▶ _MATERIAL PROVIDED_
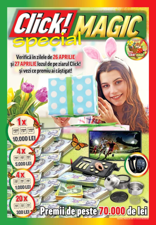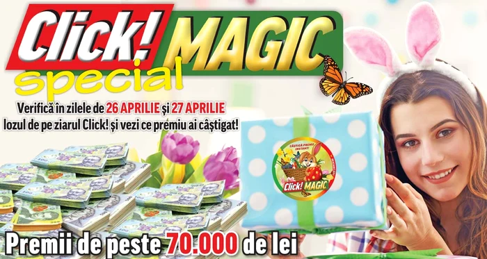 Vineri, 26 aprilie și sâmbătă, 27 aprilie ți-am pregătit o ediție specială a concursului Click!MAGIC în care poți câștiga unul dintre cele 750 de premii-cadou: BANI CASH, GADGETURI, ELECTRONICE, ELECTROCASNICE și multe alte premii.
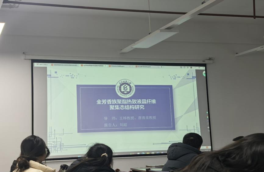 刘超同学在王桦教授、唐清泉教授指导下,围绕《全芳香族聚酯热致液晶纤维聚集态结构研究》展开汇报。热致液晶聚芳酯(TLCP)纤维作为高性能特种工程材料,广泛应用于航空航天、高频通讯等领域。研究团队探究不同温度(210℃-250℃)及升温速率(3.7℃/h-11℃/h)热处理对纤维结构性能的影响,发现温度升高或升温速率降低可显著提升纤维固相聚合度、熔点、结晶度及分子链缠结度,断裂强度最高达 25.44 cN/dtex,热稳定性大幅增强,明确了工艺 - 聚集态结构 - 性能的关联,为成型工艺优化提供重要指导。
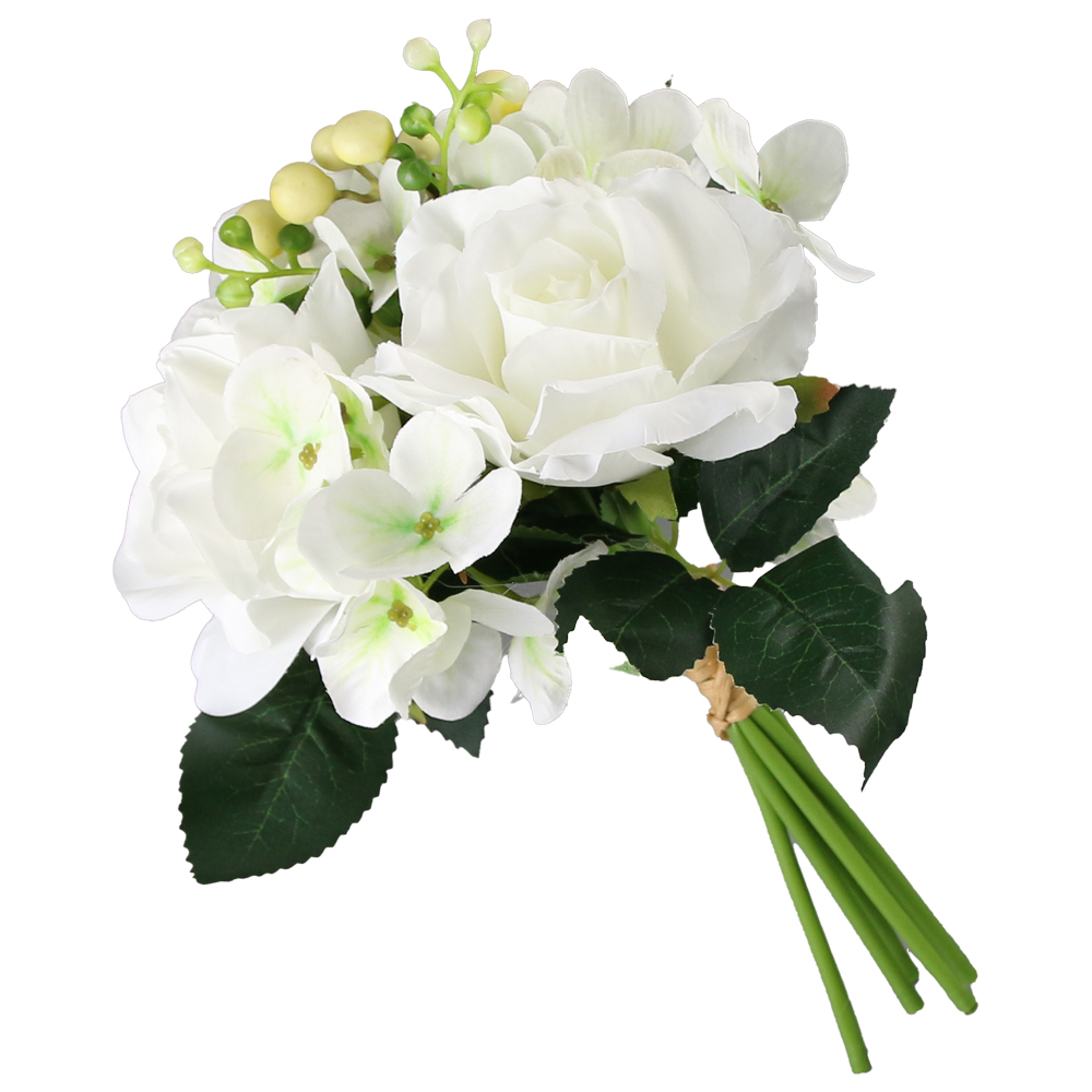 Buchet artificial cu hortensie si bobite 30 cm, alb
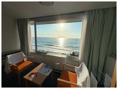 ここで一旦閉園時間を迎えたため、ホテル側出口より退場しました。チェックイン手続きを行い部屋へ。このホテルは全室オーシャンビュー、眼前には太平洋が広がっていました。設備は開業から55年が経過したというだけあり、まさに昭和レトロ。我々にとっては懐かしい雰囲気です。昔は家族で行く宿泊施設はどこもこんな感じでしたね。
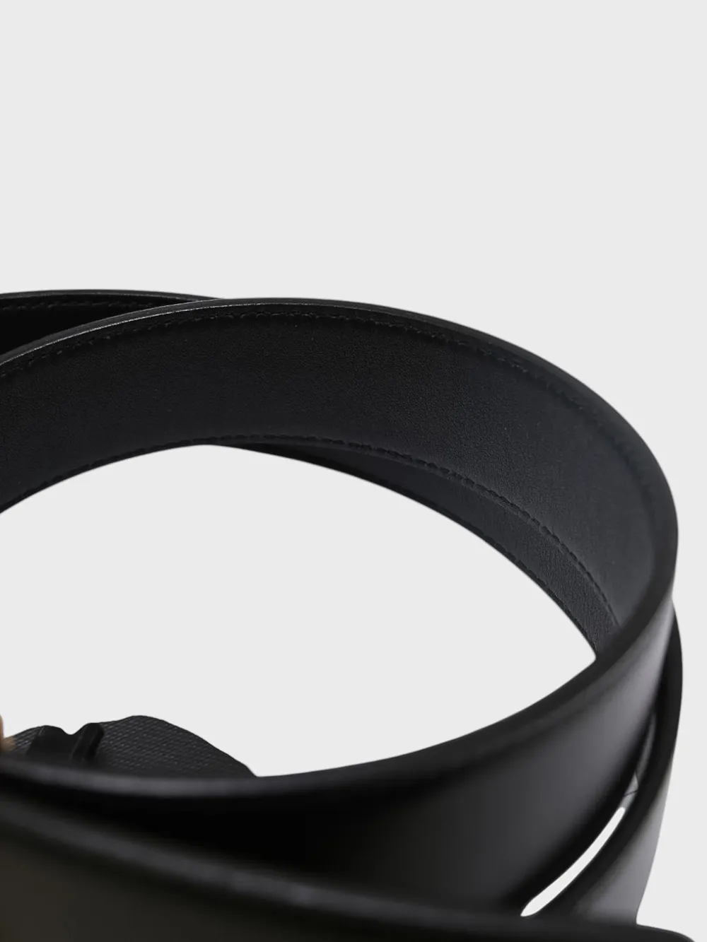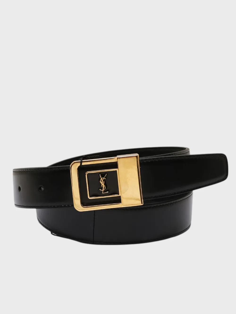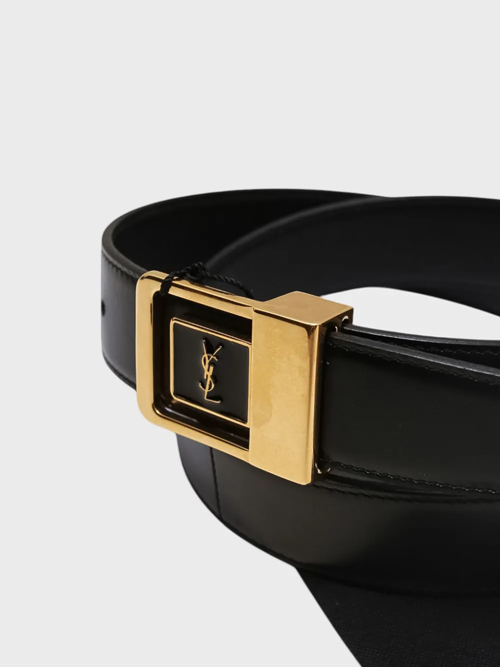 Ремень Saint Laurent выполнен из черной глянцевой кожи с классическим логотипом "YSL" на пряжке. Модель дополнена металлической фурнитурой в тон, которая добавляет элегантности и роскоши. Комбинация текстуры кожи и металла создает премиальный вид, идеально подходящий для завершения деловых или вечерних образов. Ремень обеспечивает комфортную посадку и долговечность благодаря качественным материалам.

▶ _PROBLEM STATEMENT_
The task requires the full listing to be given again verbatim, without its pictures.

▶ _SOLUTION TO THIS PROBLEM_
 Vineri, 26 aprilie și sâmbătă, 27 aprilie ți-am pregătit o ediție specială a concursului Click!MAGIC în care poți câștiga unul dintre cele 750 de premii-cadou: BANI CASH, GADGETURI, ELECTRONICE, ELECTROCASNICE și multe alte premii.
 刘超同学在王桦教授、唐清泉教授指导下,围绕《全芳香族聚酯热致液晶纤维聚集态结构研究》展开汇报。热致液晶聚芳酯(TLCP)纤维作为高性能特种工程材料,广泛应用于航空航天、高频通讯等领域。研究团队探究不同温度(210℃-250℃)及升温速率(3.7℃/h-11℃/h)热处理对纤维结构性能的影响,发现温度升高或升温速率降低可显著提升纤维固相聚合度、熔点、结晶度及分子链缠结度,断裂强度最高达 25.44 cN/dtex,热稳定性大幅增强,明确了工艺 - 聚集态结构 - 性能的关联,为成型工艺优化提供重要指导。
 Buchet artificial cu hortensie si bobite 30 cm, alb
 ここで一旦閉園時間を迎えたため、ホテル側出口より退場しました。チェックイン手続きを行い部屋へ。このホテルは全室オーシャンビュー、眼前には太平洋が広がっていました。設備は開業から55年が経過したというだけあり、まさに昭和レトロ。我々にとっては懐かしい雰囲気です。昔は家族で行く宿泊施設はどこもこんな感じでしたね。
 Ремень Saint Laurent выполнен из черной глянцевой кожи с классическим логотипом "YSL" на пряжке. Модель дополнена металлической фурнитурой в тон, которая добавляет элегантности и роскоши. Комбинация текстуры кожи и металла создает премиальный вид, идеально подходящий для завершения деловых или вечерних образов. Ремень обеспечивает комфортную посадку и долговечность благодаря качественным материалам.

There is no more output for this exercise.